Claims have been made that Vermont senator Bernie Sanders’ wife Jane knowingly misrepresented finances to obtain loans for Burlington College, where she was president until she resigned in 2011.
According to public records released by the U.S. Department of Justice (DOJ), an investigation into the activities of the now-defunct college is in progress. In May 2016, the “crushing weight of debt” incurred by Jane O’Meara Sanders, wife of Bernie Sanders, forced closure of the college.
As president of the institution from 2004-2011, Jane Sanders “oversaw an aggressive effort to enroll more students and expand the campus to accommodate a bigger student body.”
In order to finance a $10 million purchase of 32 acres from the Roman Catholic diocese, Jane Sanders reportedly secured some “hefty loans” at the end of 2010. To secure the loans, Sanders claimed that the college had funds to pay for it via $2 million in fundraising commitments and pledges.
However, Burlington College only brought in a fraction of that amount.
“It was within a relatively short time after closing [the deal], they were experiencing financial problems that made it impossible to pay the diocese,” a source for Heatstreet says. Burlington ended up defaulting on the loan, leaving the Roman Catholic diocese at a loss of between $1.5 million and $2 million. The land had been sold to pay part of a $17 million sexual-abuse settlement.
According to Heatstreet, Catholic parishioners in Vermont sent a letter to the U.S. attorney in January along with Brady Toensing, vice chair of the Vermont Republican Party. Toensing believes Jane Sanders purposely misrepresented the amount of fundraising the college was set to receive, and asked the U.S. attorney to investigate Sanders for federal bank fraud.
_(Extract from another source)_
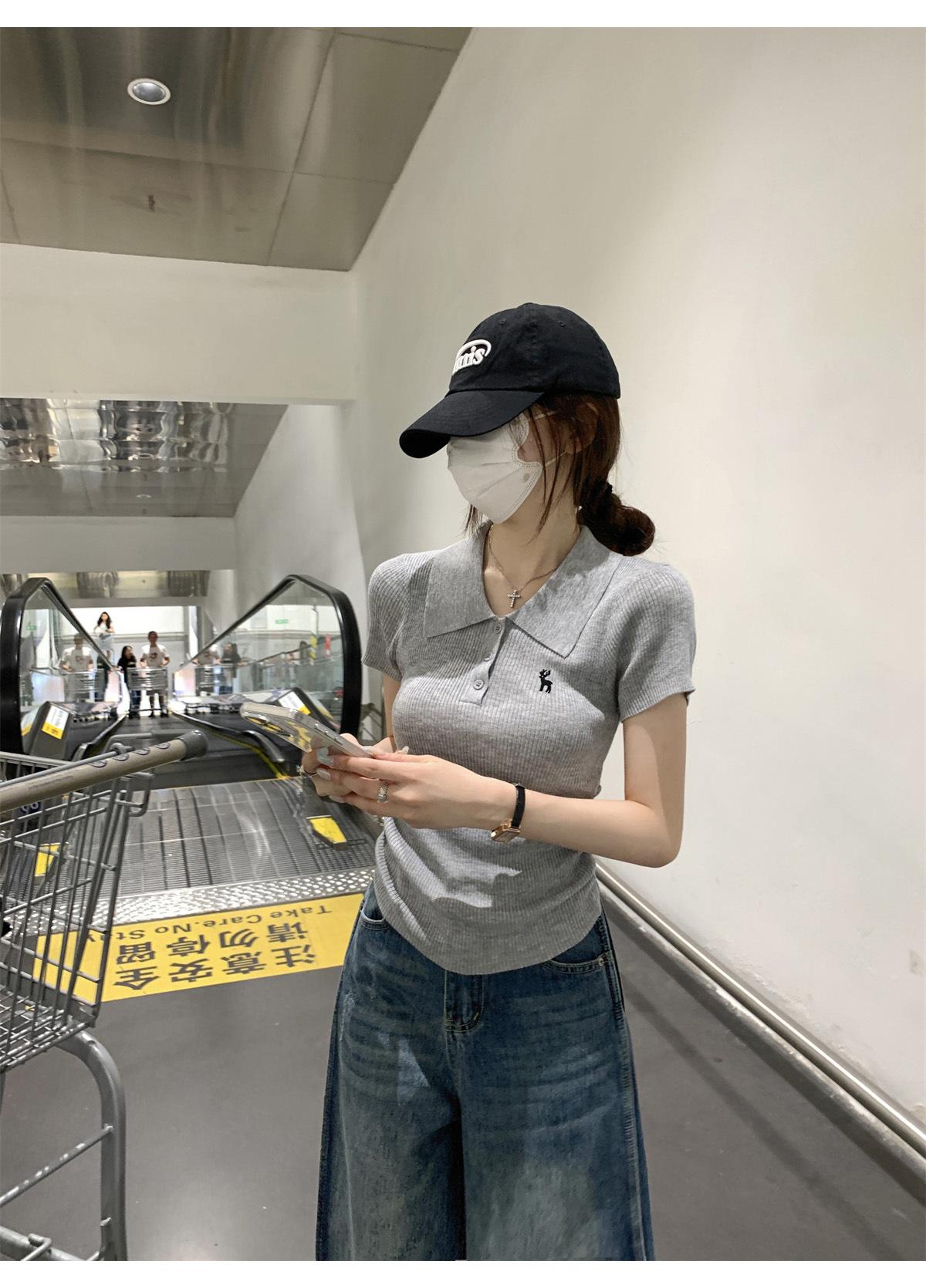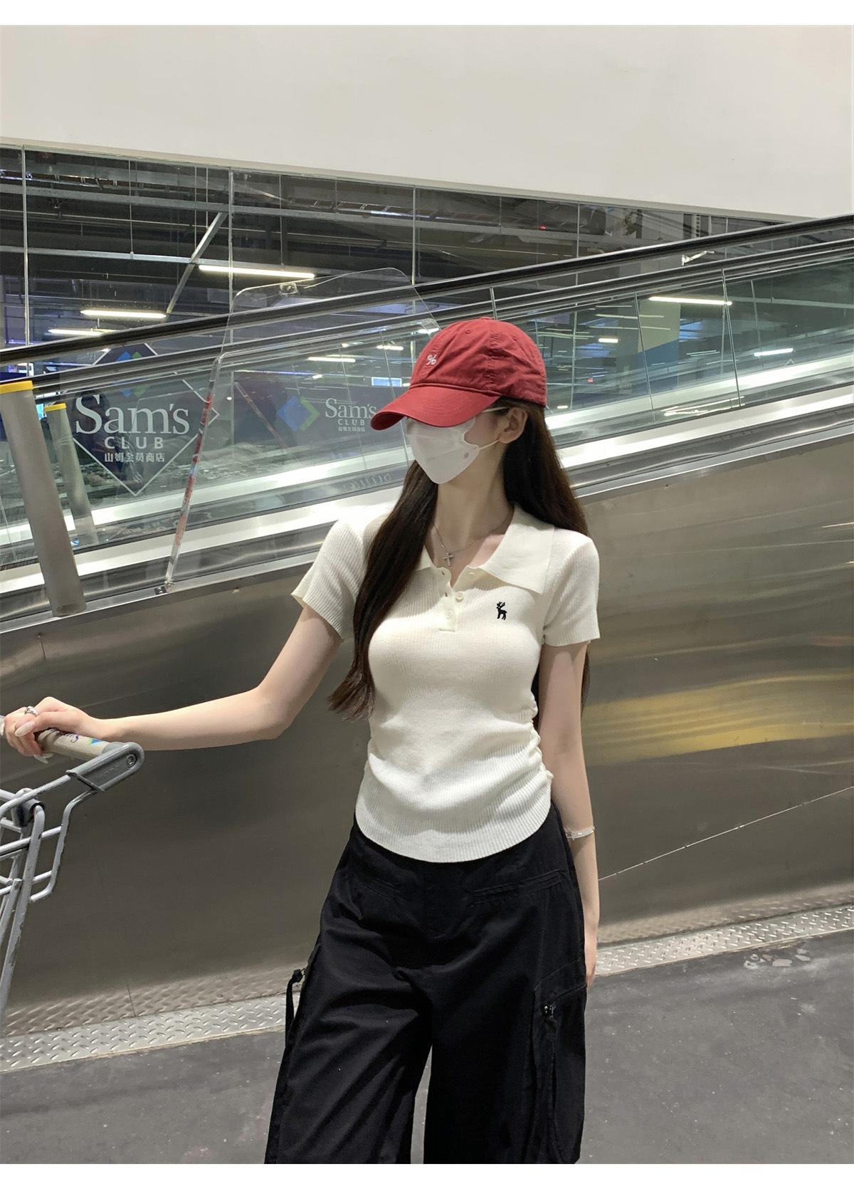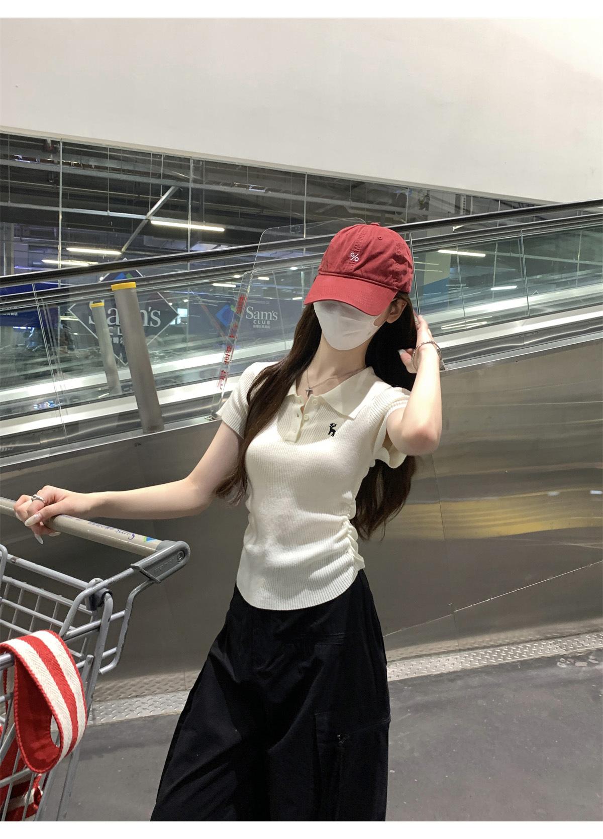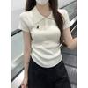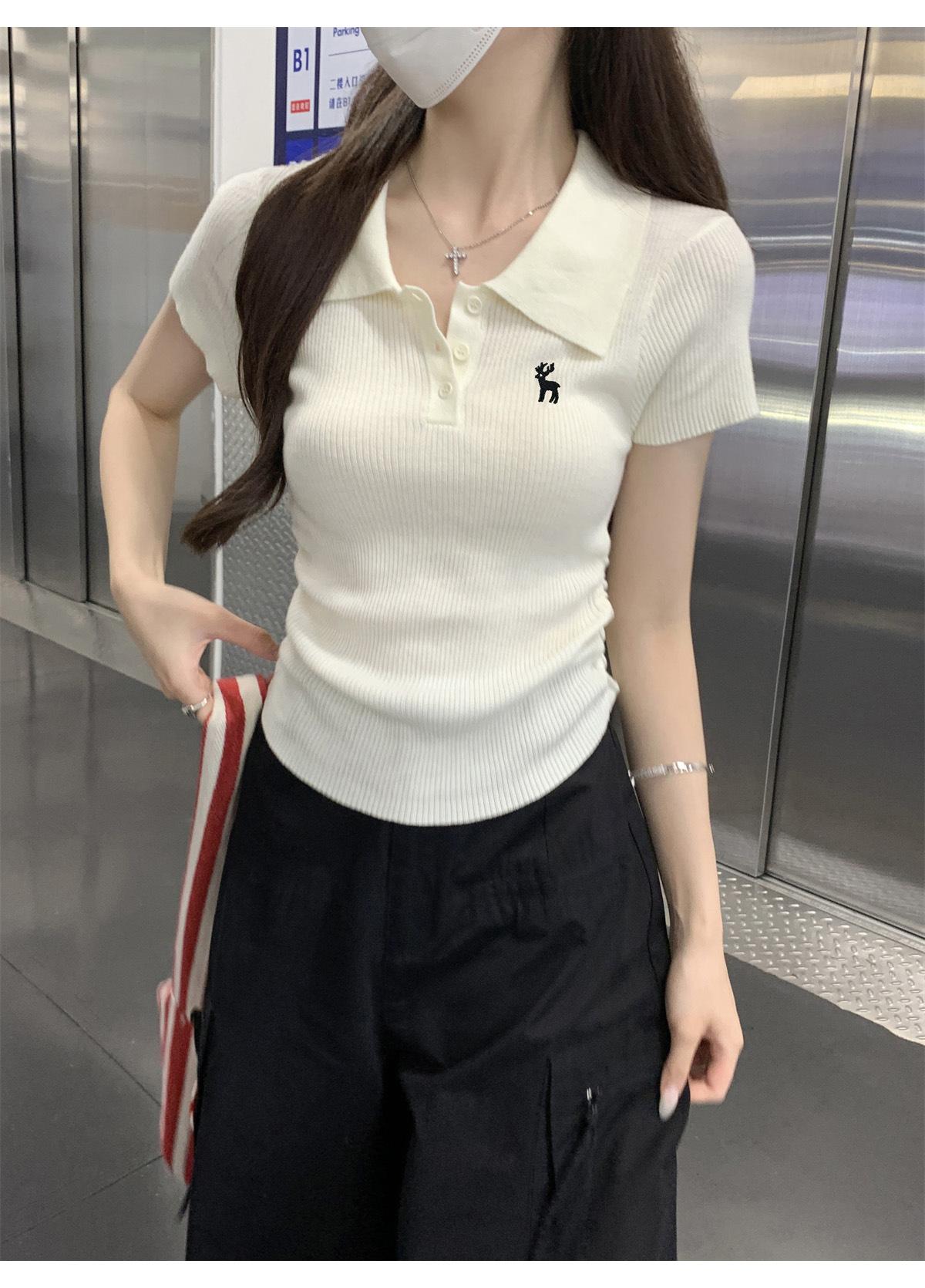 Polo Retro Bordado Cuello Abotonado Plisado Tejido de Punto Manga Corta de Verano para Mujer Nuevo Casual para Fondo Camiseta Top Trendy
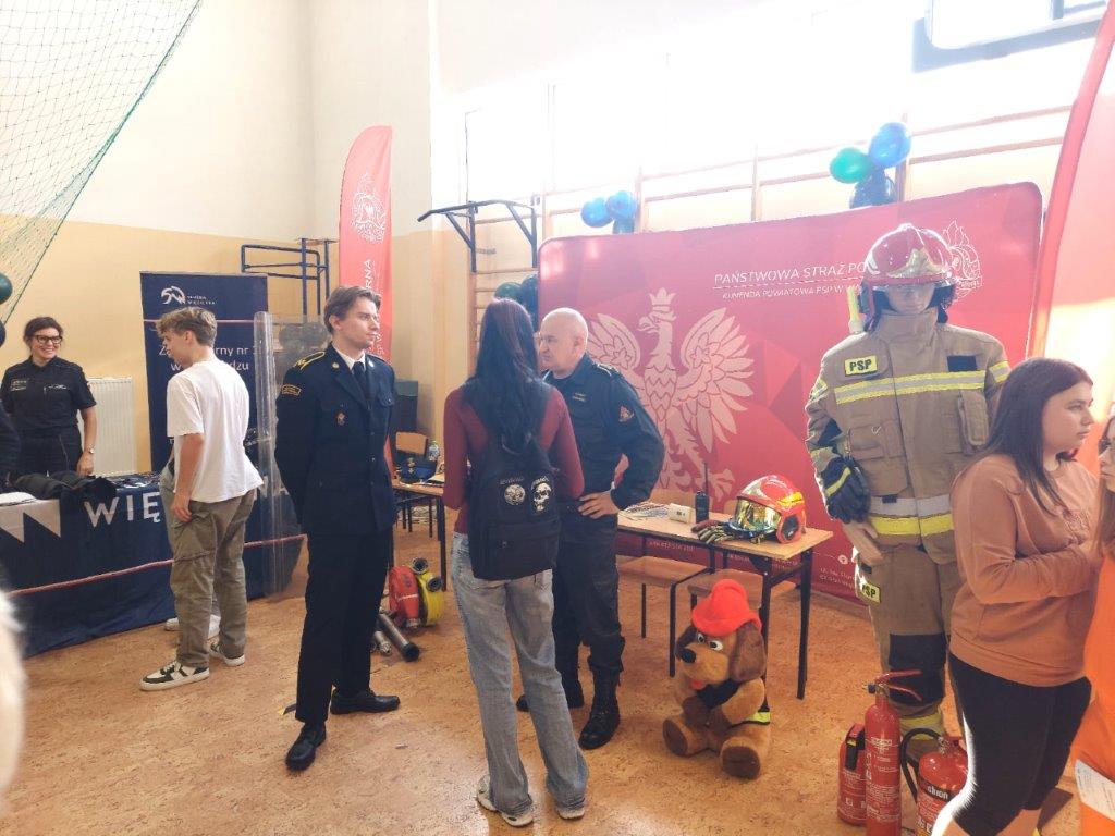 w dniu 17 września delegacja naszej komendy na czele z Zastępcą Komendanta Powiatowego PSP w Wąbrzeźnie bryg. Piotrem Rogowskim brała udział w Festiwalu Służb Mundurowych, którego organizatorem był Powiatowy Urząd Pracy w Wąbrzeźnie. Targi odbyły się na terenie Zespołu Szkół w Wąbrzeźnie i skierowane były do młodych osób chcących poznać szczegóły procesu rekrutacji oraz dowiedzieć się więcej na czym polega służba w zawodach mundurowych.

According to emails obtained by VTDigger through a public records request, earlier this year, the U.S. attorney for Vermont and an FBI agent were involved in an investigation. They’ve reviewed Burlington College records from the Vermont Agency of Education (VAE), who took possession of them when the college closed in May.
Neither agency would comment on the investigation, with spokespeople for both agencies saying that they typically don’t “confirm whether or not there’s a current investigation.” Further, they don’t “comment on any active investigation.”
But the email’s obtained by VTDigger seem to indicate that there is an ongoing investigation.
In one Dec. 21, 2016, email, a lawyer for Burlington College told state officials, “You are aware that there is a DOJ investigation into some aspects of the College’s activities.” He also gave the VAE permission to shred unnecessary records.
Another email from Dec. 22, 2016, revealed a statement by Assistant U.S. Attorney Paul J. Van de Graaf. He told the VAE, “I think we need to make sure there is nothing significant to our federal investigation before [the records] are destroyed.”
Burlington College’s board of trustees chair confirmed that an FBI probe “had been going on for more than a year,” according to VTDigger, and that “at least one former school employee was subpoenaed as part of the probe.”
Jane Sanders did not comment, but last year, a spokesman for Bernie Sanders said the allegations of fraud were “recycled, discredited garbage.”
When Sanders resigned as president of Burlington College, she took a $200,000 severance.
If found guilty of federal bank fraud, Sanders could reportedly face up to 30 years in prison and $1 million in fines.